START Given material
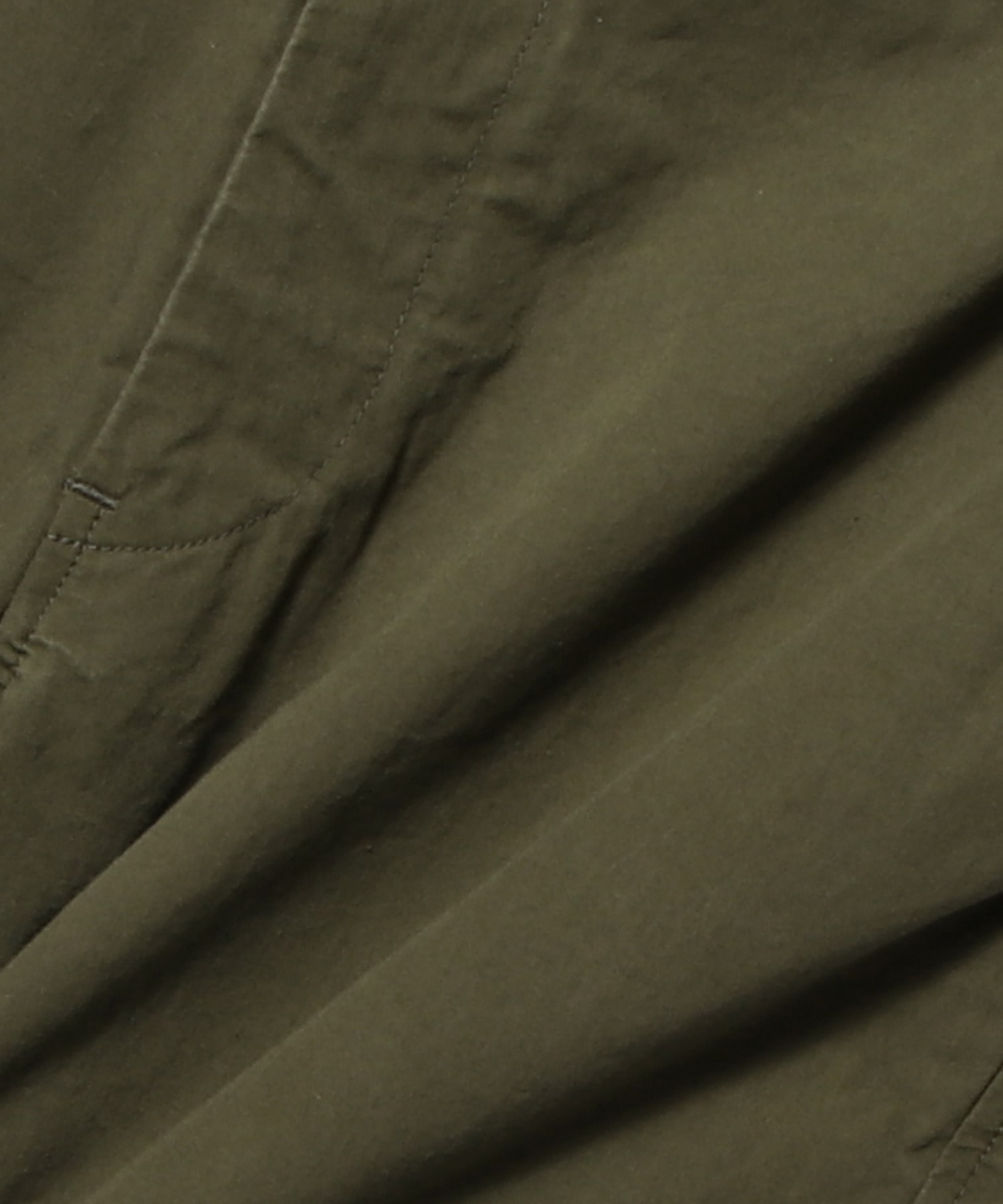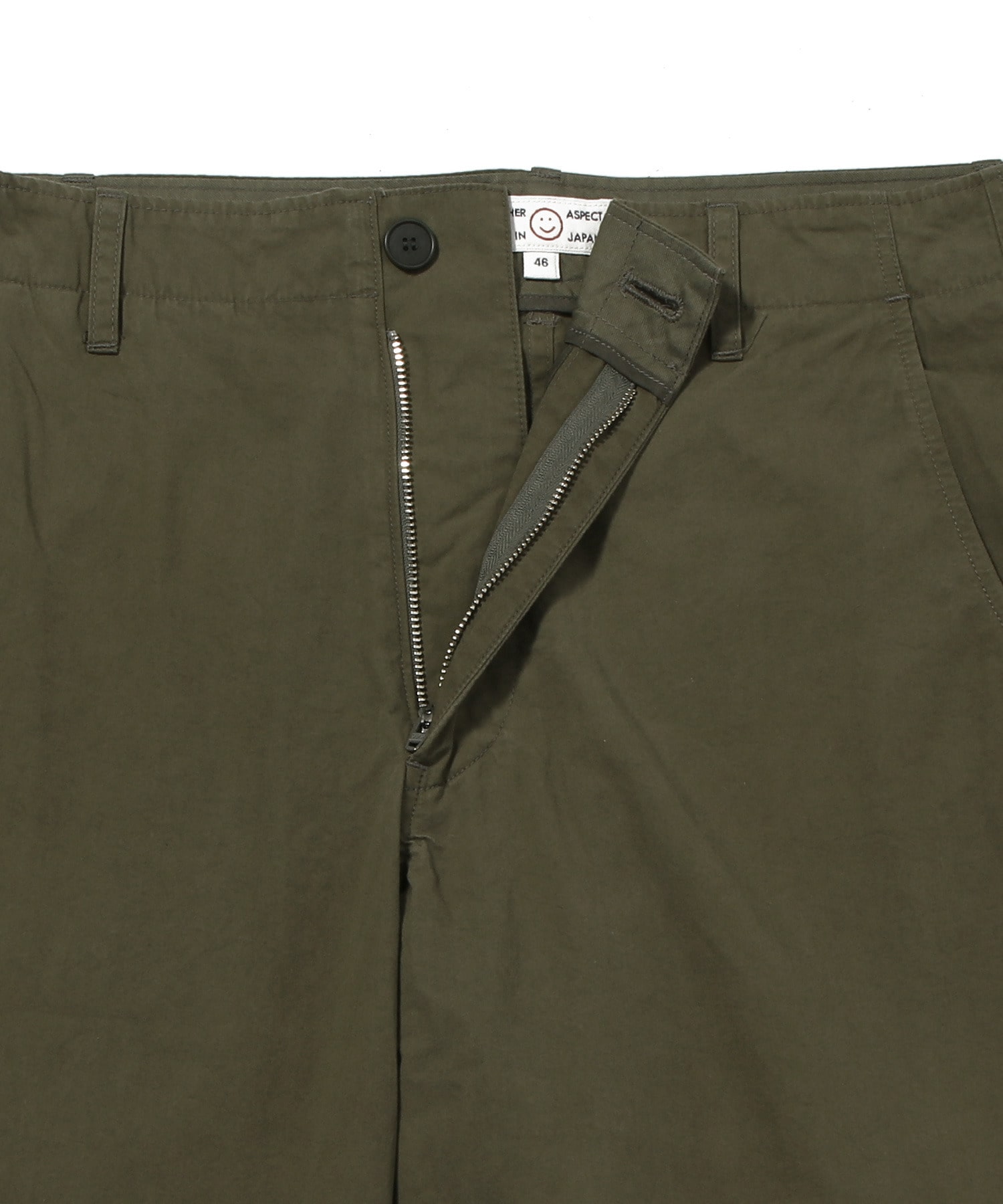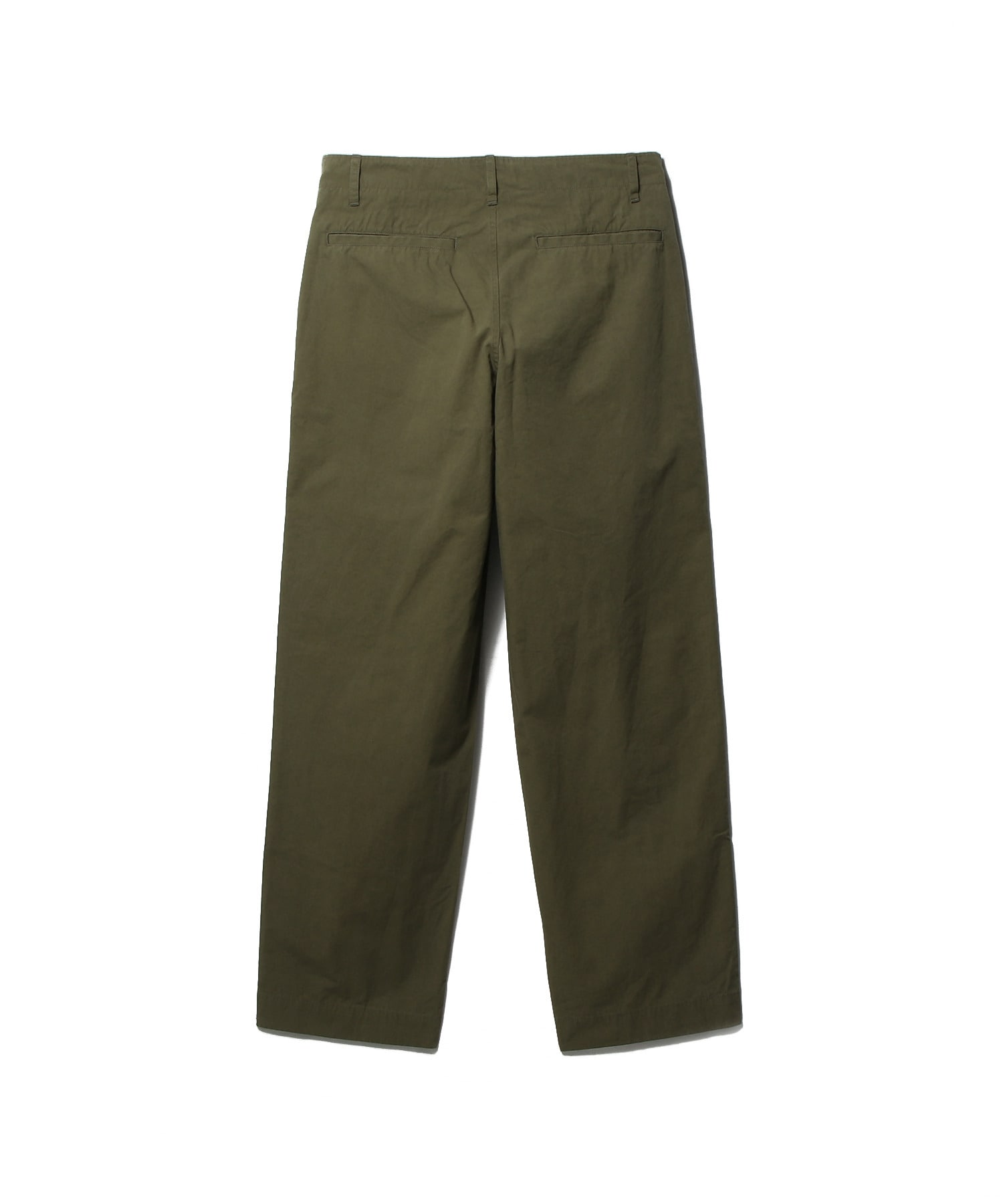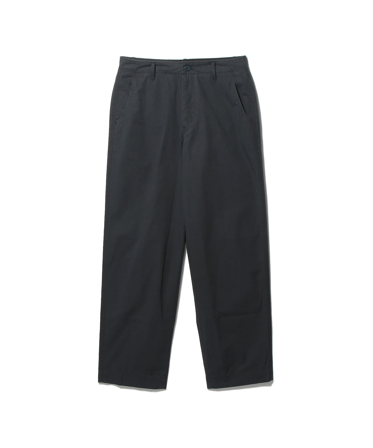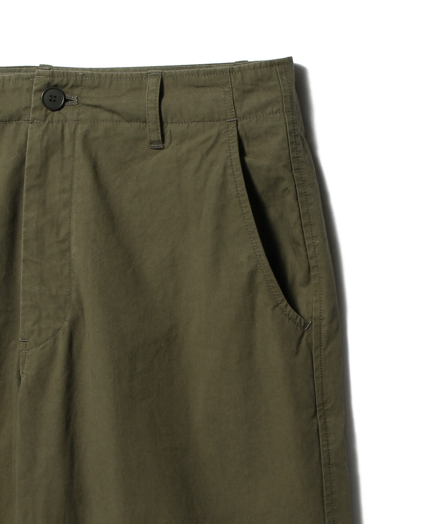 日本製。100%コットンを地元で織り上げ、梳毛加工を施した生地を使用。洗練されたパリッとした手触りが特徴です。ウエストバンドは自布で延長され、シンプルなフロントボタンとファスナーで留める仕様。フロントには斜めポケット、バックにはウェルトポケットを配しました。リラックスしたややストレートシルエットで、日常の着心地を追求しています。
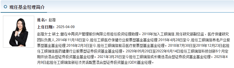 赵蓓的投资经历堪称辉煌。自2014年11月18日起,她担任工银瑞信医疗保健行业股票型基金经理,截至2025年三季度末,该基金任职回报率高达219.20%。她还管理着工银前沿医疗股票、工银养老产业股票等多只医药主题基金,在管基金资产规模达到232.35亿元。赵蓓的投资风格强调"产业趋势投资",注重基本面研究与长期价值,采用高集中度、低换手率的"狙击手"模式,秉持"深度研究、长期持有"理念。
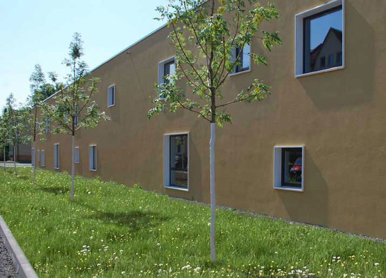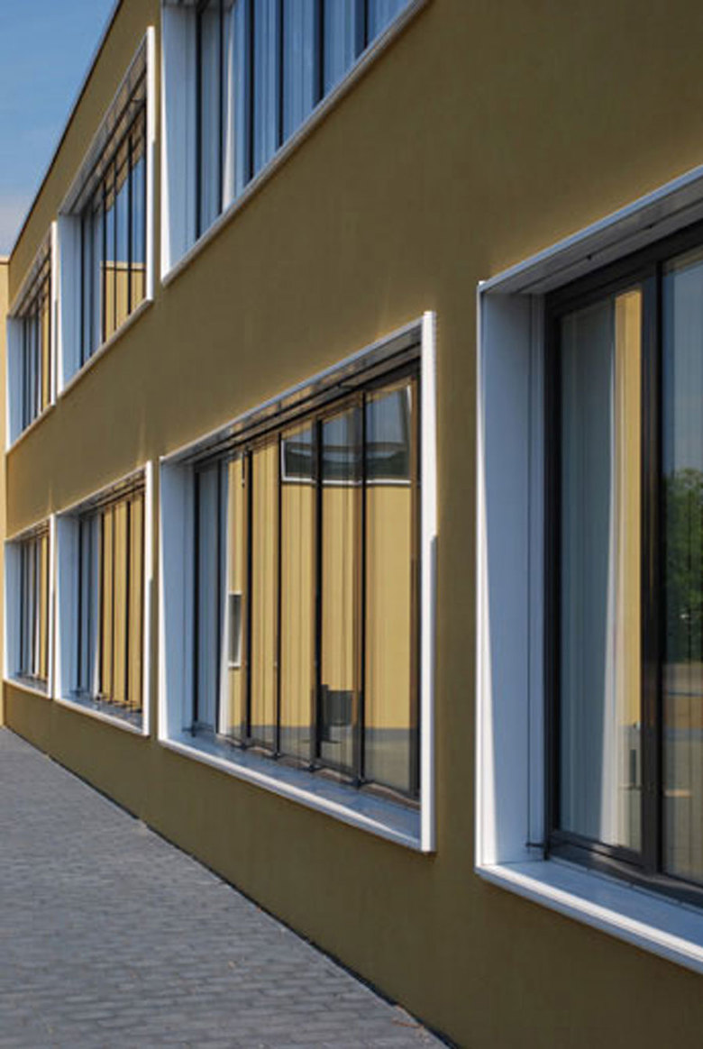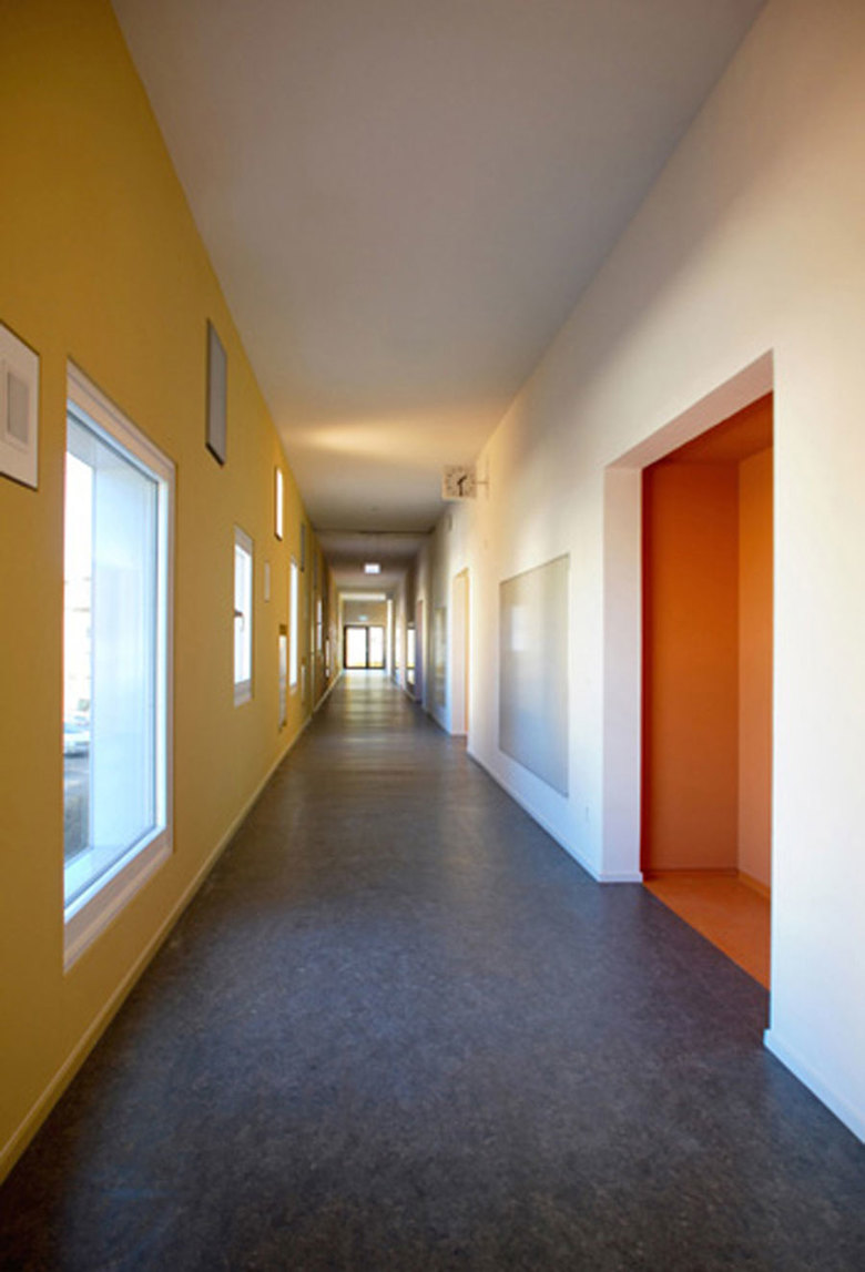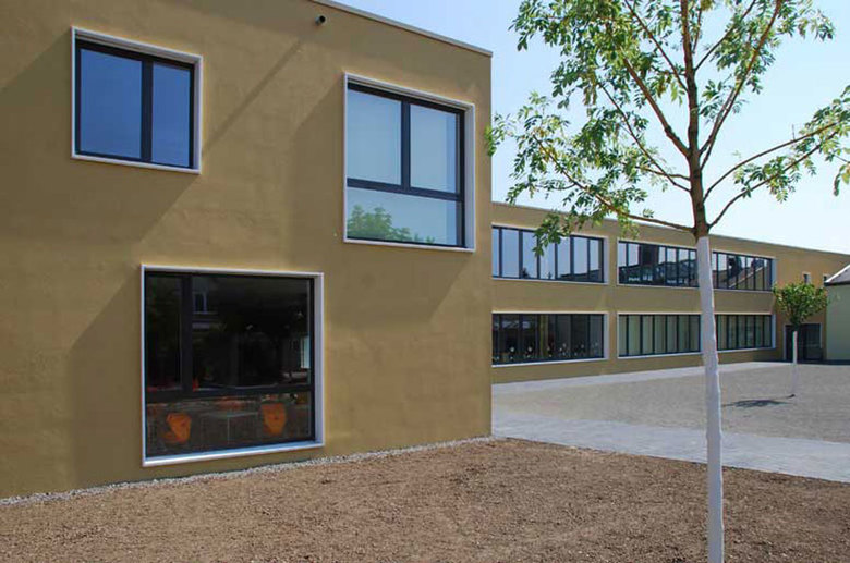 Der geometrisch einfache Baukörper weist großzügige Klassenraumfenster nach Süd- Westen auf, in den übrigen Bereichen zeigt in den Fassade spielerische Elemente, die in den Innenbereichen durch Heizkörpernischen, Leuchten, Pinnwände u.a. aufgegriffen werden und das spielerische Element einer Grundschule zur Geltung bringen.
END Given material
[Task] Make an exact copy of the listing. Leave its pictures out.

[Result of the task]
 日本製。100%コットンを地元で織り上げ、梳毛加工を施した生地を使用。洗練されたパリッとした手触りが特徴です。ウエストバンドは自布で延長され、シンプルなフロントボタンとファスナーで留める仕様。フロントには斜めポケット、バックにはウェルトポケットを配しました。リラックスしたややストレートシルエットで、日常の着心地を追求しています。
 赵蓓的投资经历堪称辉煌。自2014年11月18日起,她担任工银瑞信医疗保健行业股票型基金经理,截至2025年三季度末,该基金任职回报率高达219.20%。她还管理着工银前沿医疗股票、工银养老产业股票等多只医药主题基金,在管基金资产规模达到232.35亿元。赵蓓的投资风格强调"产业趋势投资",注重基本面研究与长期价值,采用高集中度、低换手率的"狙击手"模式,秉持"深度研究、长期持有"理念。
 Der geometrisch einfache Baukörper weist großzügige Klassenraumfenster nach Süd- Westen auf, in den übrigen Bereichen zeigt in den Fassade spielerische Elemente, die in den Innenbereichen durch Heizkörpernischen, Leuchten, Pinnwände u.a. aufgegriffen werden und das spielerische Element einer Grundschule zur Geltung bringen.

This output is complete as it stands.